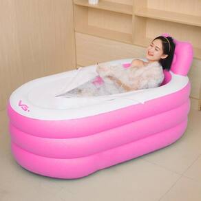 Banheira Inflável Portátil com Encosto 150L VG Plus Rosa
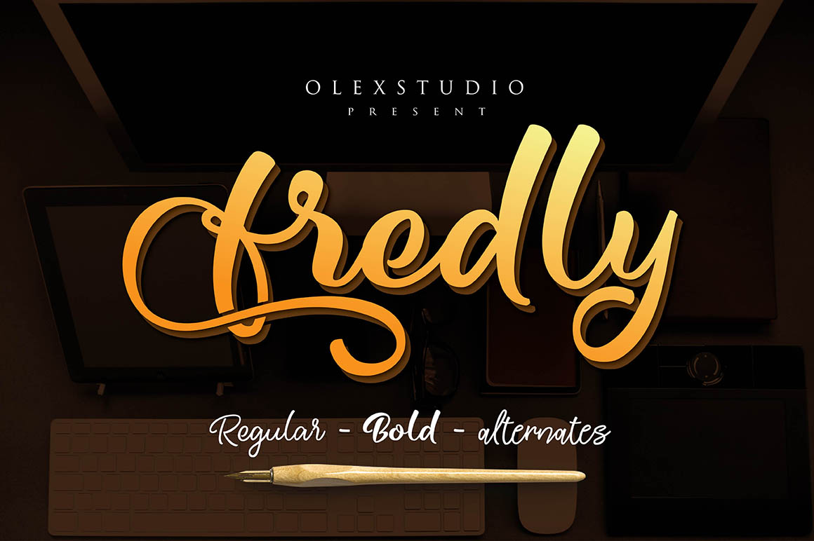 Fredly is a beautiful Script, It suitable for wedding invitation, greeting cards, T-Shirt, Logo or any design that you create.comes with a complete set of standard characters, Alternates, stylistic Alternates, Punctuation & international glyphs. Features:
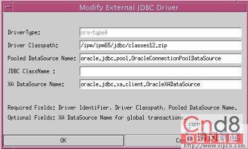 先打开iPlanet Application Server 6.5的治理控制台,选中"database"面板,再选择"External JDBC Drivers"选项后,点击"Add…"按钮,在弹出的对话框中,添加一个名为"ora-type4"的JDBC Driver。
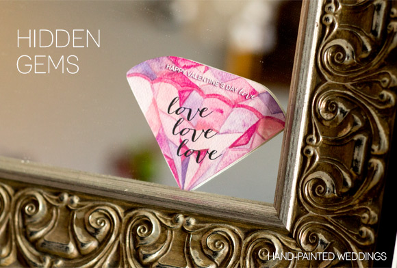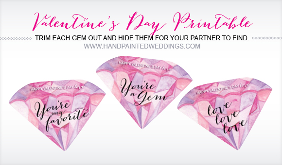 This Valentine’s Day do something special for your partner. This project is easy, free and lasts all day! Here is the trick…you download these printable gems hand-painted by yours truly, trim them out and hide them in places you know your partner will find. I’d recommend printing out a few sheets so you have many gems to hide. Want to take it to the next level? Write a love note on the back of each gem.
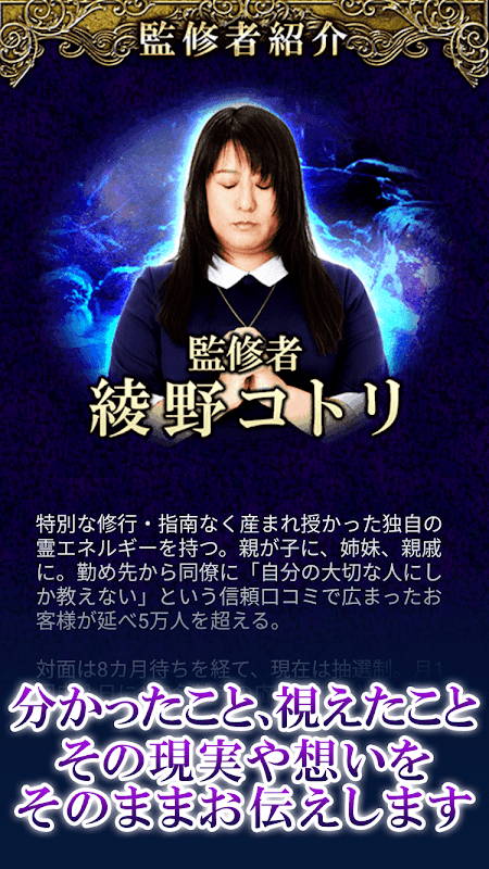 Thông tin APK 阿蘇小国郷の占い師【霊能者 綾野コトリ】
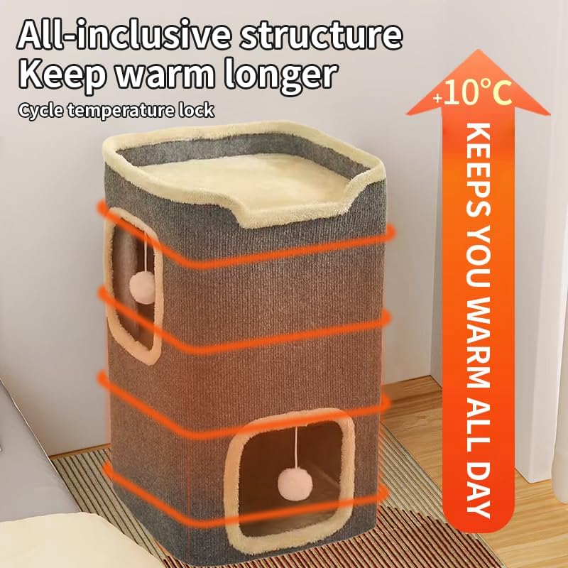 - 🐱【Mehrstöckiges Raumdesign】Der erste und der erste Stock haben jeweils ein Loch für Katzen zum Spielen. Die dritte Etage ist ein weiches Katzennest. Das Katzenbett bietet drei verschiedene Arten von spielerischem Spass und eignet sich perfekt
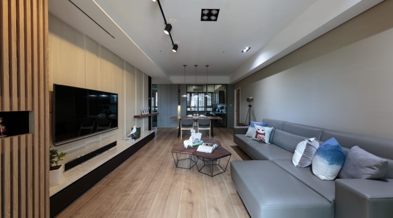 客廳與餐廳之間採開放式設計,流動的空間格局營造出寬敞氣度。
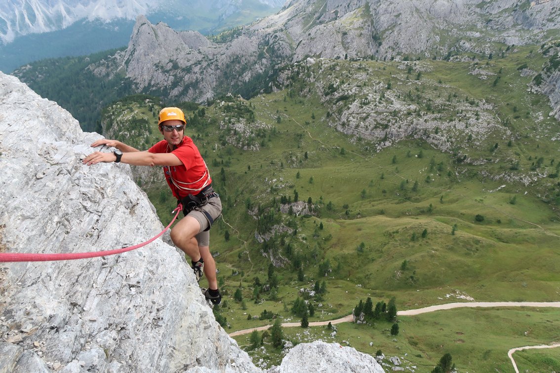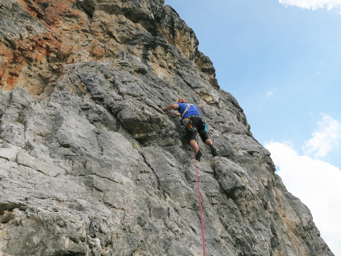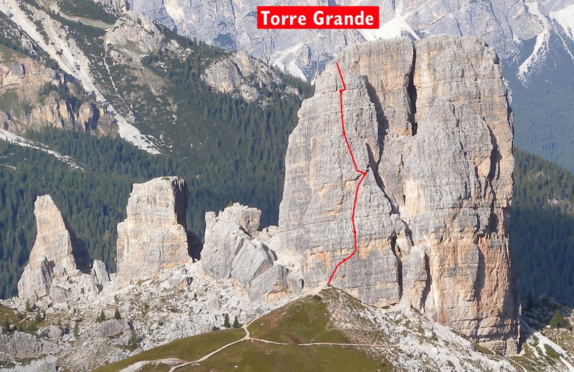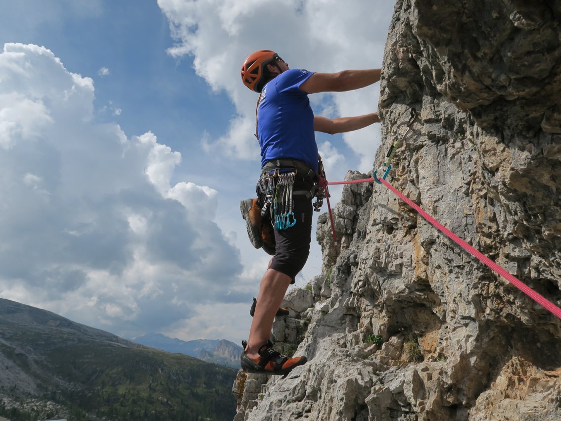 Eine der beliebtesten Touren im Gebiet der Cinque Torri ist der Anstieg an der Westseite des Torre Grande. Die Tour ist in der ersten Seillänge an einem Überhang kurz schwer (geht auch technisch), der Rest ist schöne Genusskletterei. Die Via della Guide ist nicht nur bei Bergführeren beliebt, in der Regel ist man nicht der einzige in dieser guten Route - wenn zu viel los ist, hat man aber an den Cinque Torri zum Glück genug Auswahl.

###

■ EXERCISE
Return the material line for line, from its beginning to the line that contains "Fredly is a", with the pictures left out.

■ FINAL ANSWER
 Banheira Inflável Portátil com Encosto 150L VG Plus Rosa
 Fredly is a beautiful Script, It suitable for wedding invitation, greeting cards, T-Shirt, Logo or any design that you create.comes with a complete set of standard characters, Alternates, stylistic Alternates, Punctuation & international glyphs. Features:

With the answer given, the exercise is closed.